하지만 yt-dlp를 이용하면 광고 없이 최대의 속도로 유튜브 영상 다운로드가 가능합니다.

yt-dlp 란 프로그램이 무슨 프로그램인지 궁금해 하시는 분들이 계실건데요. 간단히 소개해드리자면

https://github.com/ytdl-org/youtube-dl

GitHub - ytdl-org/youtube-dl: Command-line program to download videos from YouTube.com and other video sites

Command-line program to download videos from YouTube.com and other video sites - GitHub - ytdl-org/youtube-dl: Command-line program to download videos from YouTube.com and other video sites

github.com

원래 youtube-dl 이라고 유튜브와 다른 사이트의 동영상을 다운로드 받을 수 있는 파이썬으로 제작된 프로그램이 있었습니다. 이걸 쓰면 유튜브 영상을 쉽게 다운로드 받을 수 있었는데요. 아쉽게도 2021년부터 업데이트가 뚝 끊겼습니다.

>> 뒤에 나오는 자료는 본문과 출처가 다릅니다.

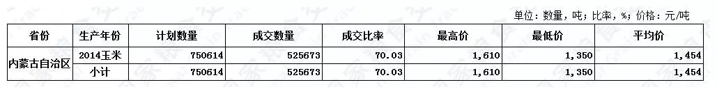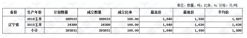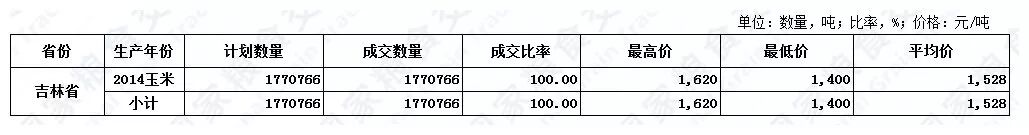 其中一等玉米投放718063吨,成交718063吨,成交率100%,最高成交价1620元/吨,最低成交价1480元/吨,成交均价1542元/吨;
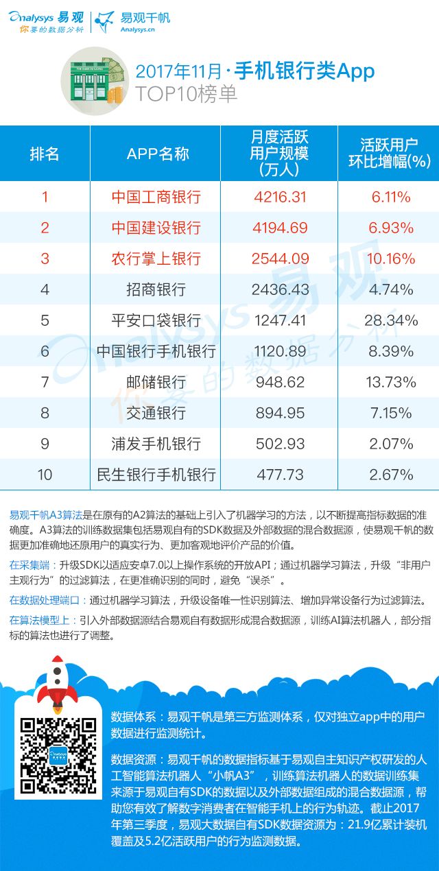 根据易观发布的2017年11月手机银行TOP10榜单显示,中国工商银行、中国建设银行、农行掌上银行分别以4216.31万、4194.69万、2544.09万的活跃用户位列前三甲。
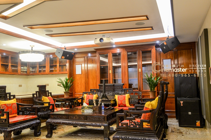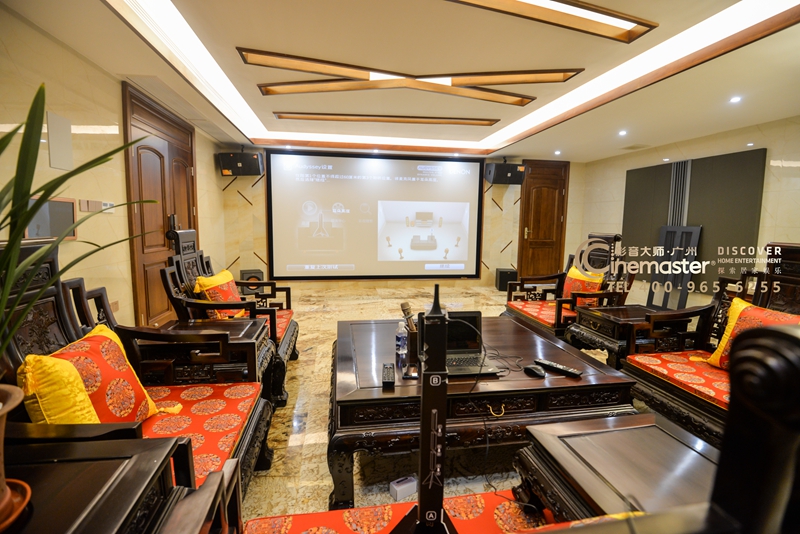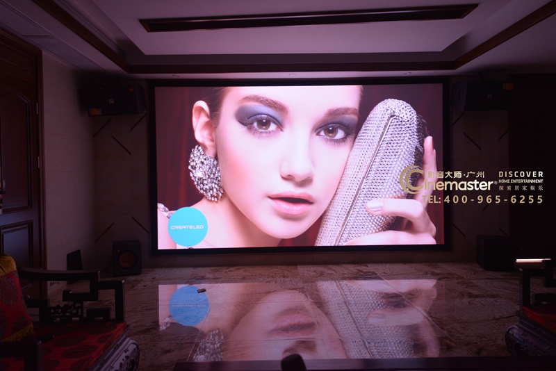 影音房前墻投影面,投影幕使用170寸固定畫框幕,影院音箱隱藏在屏幕后方,卡拉OK音箱吊掛在屏幕兩側(cè)
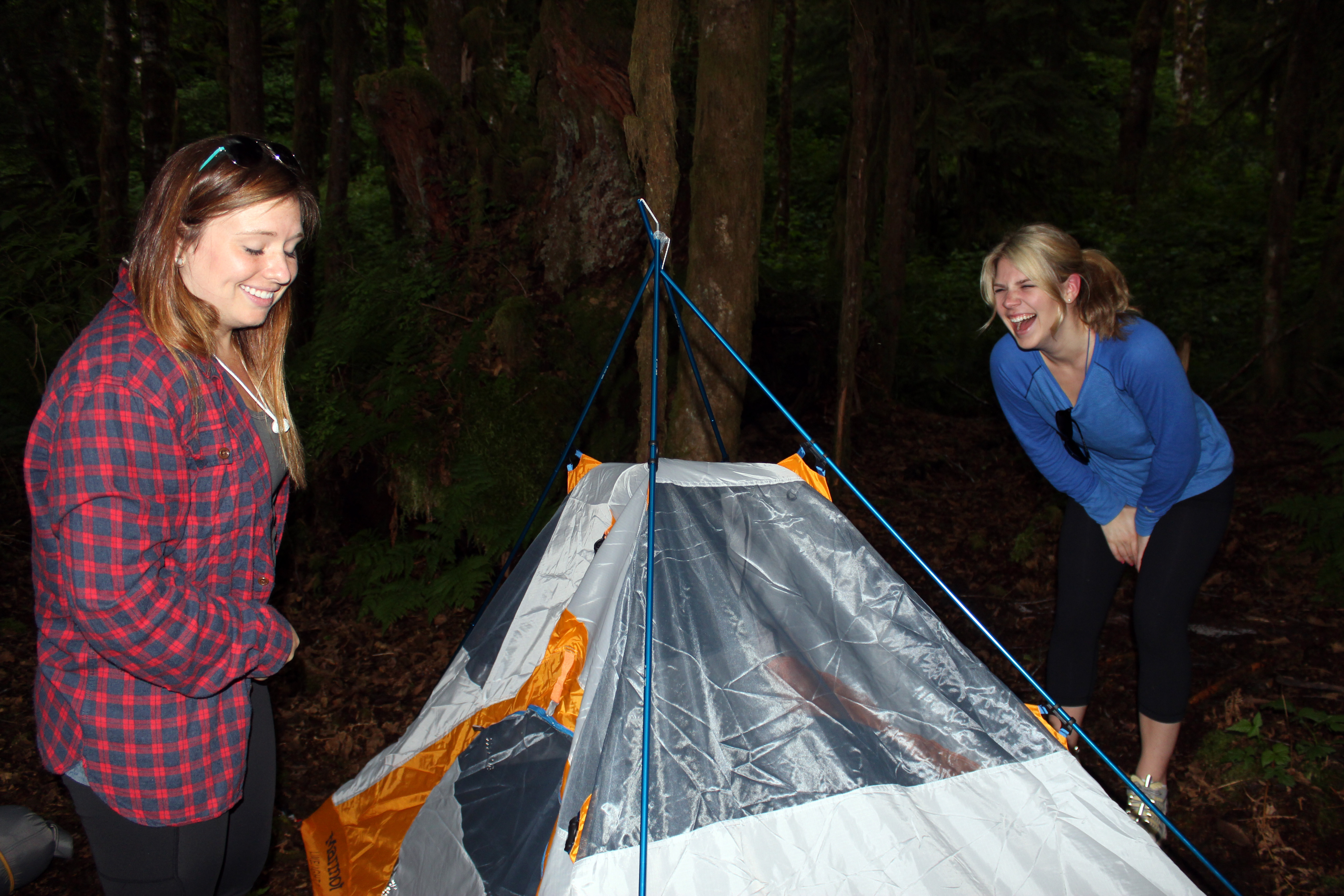 No time to relax, yet. Before we could completely unwind, we had to set up camp. Libby took charge and ordered Kathleen and I to come and help her. She was on to us. Back in New Zealand, Kathleen and I would be laughing too much to ever help; she wasn’t about to let us get away with that now. The three of us took one look at the tent and I immediately started cracking up. We had no idea what we were doing. No directions to follow, we just started clipping pieces in. Stepping back to admire our work, the three of us were laughing so hard. It was just all-wrong. The “tent” we had set up was about 3 feet high and had a lop-sided top. Nothing remotely close to what a tent should look like. Taking deep breaths to try to control the laughter, we tried again. This time, we managed to figure it out.

https://github.com/yt-dlp/yt-dlp

GitHub - yt-dlp/yt-dlp: A youtube-dl fork with additional features and fixes

A youtube-dl fork with additional features and fixes - GitHub - yt-dlp/yt-dlp: A youtube-dl fork with additional features and fixes

github.com

그래서 어떤 착하신 분(?)이 youtube-dl 프로젝트를 통째로 복사(포크, Fork) 해서 유튜브 영상을 다운로드 받을 수 있도록 신규 프로젝트를 만들었습니다.

그게 바로 yt-dlp 입니다. yt-dlp 는 현재도 계속해서 신규 업데이트를 하면서 유튜브 영상 다운로드를 지원하고 있습니다. 따라서 유튜브 영상을 받을땐 yt-dlp 를 쓰는게 좋습니다. 또한 유튜브 이외에도 다양한 사이트의 영상 다운로드를 지원합니다.

안 쓸 이유가 없겠죠?

Python으로 yt-dlp 호출하기

제목을 보시면 아시다 싶이 오늘의 메인 토픽은 yt-dlp 의 사용법이 아닌 파이썬으로 코딩하면서 yt-dlp를 호출해 사용하는 방법입니다.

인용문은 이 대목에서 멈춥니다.